WHAT THE TASK ASKS: Copy the data exactly as it appears, and do not include any pictures.

Stored items from a collection:
########################################

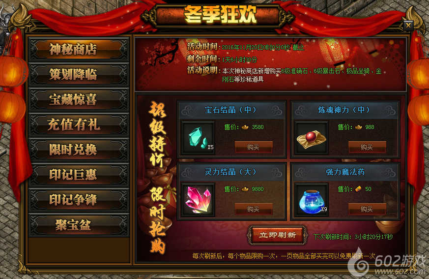 活动详情:活动期间神秘商店内会推出极品道具并以超低的价格供玩家购买,本次新增6级准确石、6级暴击石、极品坐骑、金刚石等珍惜道具,玩家可直接消耗元宝、金币、礼金进行购买,每样道具只能购买一次,当一页的物品购买完后,系统会自动免费刷新一次,您也可以消耗399元宝进行刷新
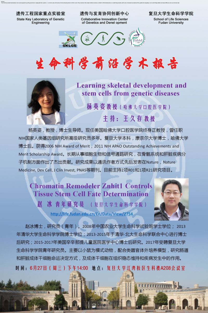 生命科学学术前沿讲坛【101】20180627:杨英姿教授(哈佛大学) 、赵冰(复旦生科院)
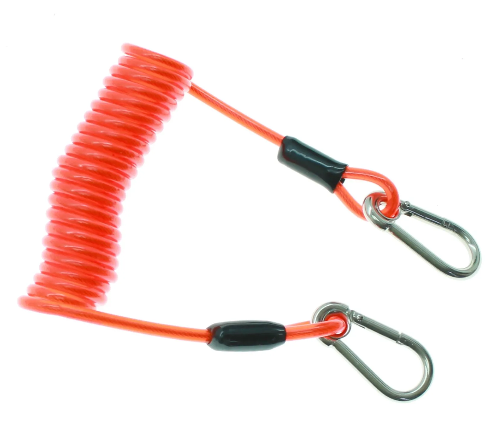 Пружинная спираль с стальными карабинами на концах. Спираль растягивается с 8 см до 150+ см. Может использоваться для фиксации приборов, аксессуаров, фототехники, фонарей и т.д. Карабины с автоматическим закрытием при заводке на линь или веревку, изготовлены из нержавеющей стали.
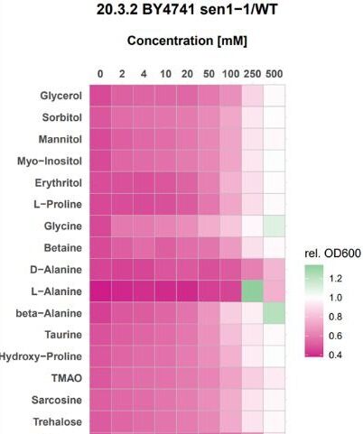 Recently, it has been demonstrated that the osmolyte, taurine, can extend lifespan in a wide range of organisms when administered as a supplement. Furthermore, many age-related ailments were improved when increasing amounts of Taurine were given to mice. Despite these encouraging results, it is not fully understood how taurine works on the molecular level to extend both lifespan and healthspan. We used yeast as a model organism to interrogate the effects of taurine on the 5 primary molecular hallmarks of aging. Taurine did not affect telomere length, DNA repair, autophagy regulation or epigenetic gene regulation, however it did improve proteostasis. We have shown that taurine maintains proteins in a folded and functional state when they are challenged with stresses, such as heat, age and mutation. We are investigating the possibility of using taurine, and other osmolytes, in combination to protect against aging and other diseases associated with protein misfolding. We have modelled Senataxin mutations that cause ALS4 and AOA2 in humans onto the yeast Sen1 protein and shown that taurine and other osmolytes can rescue the associated phenotypes (see figure on right).
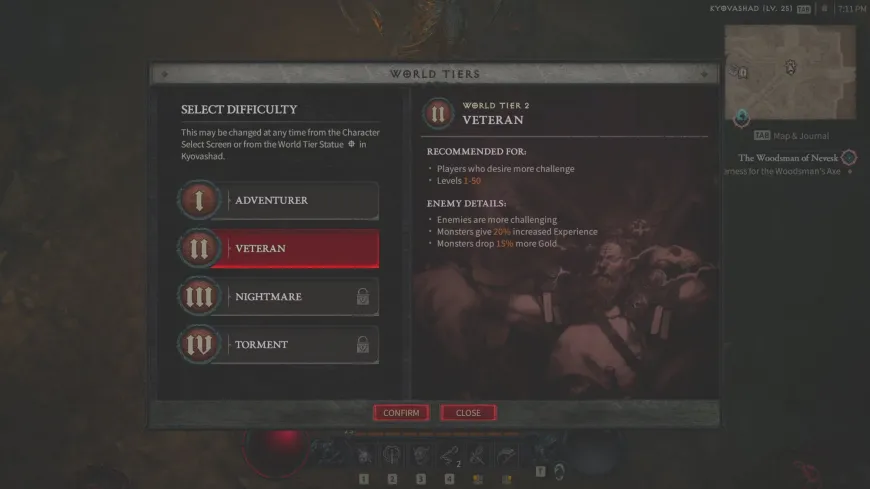 Уровень мира, который выбирает игрок, определяет многое: сколько врагов появляется, насколько они выносливы, как сильно бьют и многое другое. Однако за каждый бафф, который получают враги, игрок также получает огромный скачок в количестве получаемого XP и качестве лута. Чем выше сложность, тем больше награда.
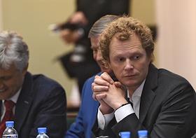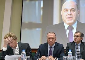 XIV Всероссийский налоговый форум "Кодификация налогового законодательства России: XX лет" в Торгово-промышленной палате (ТПП). Слева направо: заместитель руководителя Федеральной налоговой службы (ФНС) России Даниил Егоров, президент Торгово-промышленной палаты (ТПП) России Сергей Катырин и вице-президент ТПП России Вадим Чубаров во время форума.
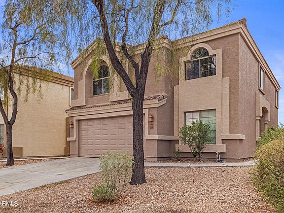 Beautiful and spacious move in ready 4 bedroom / 2.5 bath home perfectly located right off of the I-10 freeway in Buckeye! This home features one bedroom downstairs and 3 bedrooms upstairs plus a huge loft! The kitchen includes lots of cabinet space, a walk in pantry and all appliances. A/C unit installed in 2022. Additional storage in the garage with attached cabinetry. Freshly painted exterior and a low maintenance backyard ready for turf or grass!

########################################

EXERCISE OUTPUT:
 活动详情:活动期间神秘商店内会推出极品道具并以超低的价格供玩家购买,本次新增6级准确石、6级暴击石、极品坐骑、金刚石等珍惜道具,玩家可直接消耗元宝、金币、礼金进行购买,每样道具只能购买一次,当一页的物品购买完后,系统会自动免费刷新一次,您也可以消耗399元宝进行刷新
 生命科学学术前沿讲坛【101】20180627:杨英姿教授(哈佛大学) 、赵冰(复旦生科院)
 Пружинная спираль с стальными карабинами на концах. Спираль растягивается с 8 см до 150+ см. Может использоваться для фиксации приборов, аксессуаров, фототехники, фонарей и т.д. Карабины с автоматическим закрытием при заводке на линь или веревку, изготовлены из нержавеющей стали.
 Recently, it has been demonstrated that the osmolyte, taurine, can extend lifespan in a wide range of organisms when administered as a supplement. Furthermore, many age-related ailments were improved when increasing amounts of Taurine were given to mice. Despite these encouraging results, it is not fully understood how taurine works on the molecular level to extend both lifespan and healthspan. We used yeast as a model organism to interrogate the effects of taurine on the 5 primary molecular hallmarks of aging. Taurine did not affect telomere length, DNA repair, autophagy regulation or epigenetic gene regulation, however it did improve proteostasis. We have shown that taurine maintains proteins in a folded and functional state when they are challenged with stresses, such as heat, age and mutation. We are investigating the possibility of using taurine, and other osmolytes, in combination to protect against aging and other diseases associated with protein misfolding. We have modelled Senataxin mutations that cause ALS4 and AOA2 in humans onto the yeast Sen1 protein and shown that taurine and other osmolytes can rescue the associated phenotypes (see figure on right).
 Уровень мира, который выбирает игрок, определяет многое: сколько врагов появляется, насколько они выносливы, как сильно бьют и многое другое. Однако за каждый бафф, который получают враги, игрок также получает огромный скачок в количестве получаемого XP и качестве лута. Чем выше сложность, тем больше награда.
 XIV Всероссийский налоговый форум "Кодификация налогового законодательства России: XX лет" в Торгово-промышленной палате (ТПП). Слева направо: заместитель руководителя Федеральной налоговой службы (ФНС) России Даниил Егоров, президент Торгово-промышленной палаты (ТПП) России Сергей Катырин и вице-президент ТПП России Вадим Чубаров во время форума.
 Beautiful and spacious move in ready 4 bedroom / 2.5 bath home perfectly located right off of the I-10 freeway in Buckeye! This home features one bedroom downstairs and 3 bedrooms upstairs plus a huge loft! The kitchen includes lots of cabinet space, a walk in pantry and all appliances. A/C unit installed in 2022. Additional storage in the garage with attached cabinetry. Freshly painted exterior and a low maintenance backyard ready for turf or grass!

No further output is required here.